In an attempt to provide a balm for all those left behind, the City of Paris puts on "Paris Plages" in the summertime.  Large stretches along the Seine and some canals are transformed into...a beach.  The busy roads that run the stretches of the Seine are closed off, fine sand is trucked in, beach loungers are set up, and pétanque (french lawnbowling) pitts are cordoned off.  The Seine-side beach comes equipped with a stretch of boardwalk, showers, changing stalls, news vendors on bikes and potted palm trees.  It looks really beachy, non?
     
If for whatever reason you're a Parisian and can't take a portion of your standard 5-week holiday in August, the City of Paris graciously brings the beach to you.  As kitschy as it may be, I'm pretty psyched about scoring my own lounger on the faux beach and watching the museum tourists scuttle across bridges from the Louvre, to Notre Dame and to the Musée d'Orsay.  *sigh, oh Paris, this is so like you.

Monday, August 3, 2009

DIY - Kimchi

I would have never imagined myself making kimchi, or making it in France.  A, a Korean friend from Toulouse recently moved to Paris (who is now renting a room next door to our apartment), shared his mother's coveted kimchi recipe with me.  We actually didn't go by any recipes, and all I have left are these images to guide me through my next attempt (if there ever will be one).  Here goes:

A trick: split the chinese cabbage in 2 (then again) from the stem end, just half way through the stalks, stop where the leafy parts begin and separate the quarters keeping the leaves in tact.

Sprinkle rock salt in between each layer, making sure to get right into the stalky end and soak the whole thing in salted water for about 2 hours.
Prep the other ingredients: grated garlic, ginger, chives and daikon sliced into matchsticks.
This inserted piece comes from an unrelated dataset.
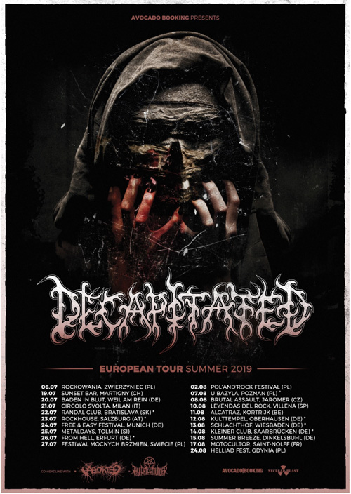 I maestri del death metal DECAPITATED hanno recentemente chiuso un tour estensivo europeo in Polonia, il loro paese natale. Ma non c’è tempo per fermarsi per il quartetto perché il tour estivo è stato giusto annunciato oggi. Con apparizioni al MetalDays (SLO), Alcatraz Metal Festival (B), e Summer Breeze (D) tra gli altri, le 21 date vedranno i DECAPITATED attraversare 11 stati. Il gruppo suonerà anche alcuni show selezionati con la squadra belga ABORTED e gli australiani THY ART IS MURDER. I biglietti sono ora disponibili!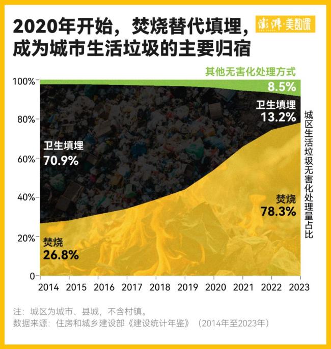 现在许多城市已不再需要生活垃圾填埋场,垃圾去哪了?答案是烧掉了。在西安灞桥江村沟垃圾填埋场封场的同一年,焚烧反超卫生填埋,成为国内城区生活垃圾的第一大处理方式。到2023年,城区的生活垃圾中有78.3%都是焚烧处理掉的,卫生填埋量占比已下降到了13.2%。

The base of the paste is made from rice flour cooked until thickened in some water.  Sugar, chili powder, the garlic, ginger chives and daikon are mixed together with fish sauce (or fermented fish).  After the cabbage has soaked for several hours, drain the water and pack the paste in between each of the leaves, coating all surfaces.  Store in a cool dark place and let it ferment and go to a happy place.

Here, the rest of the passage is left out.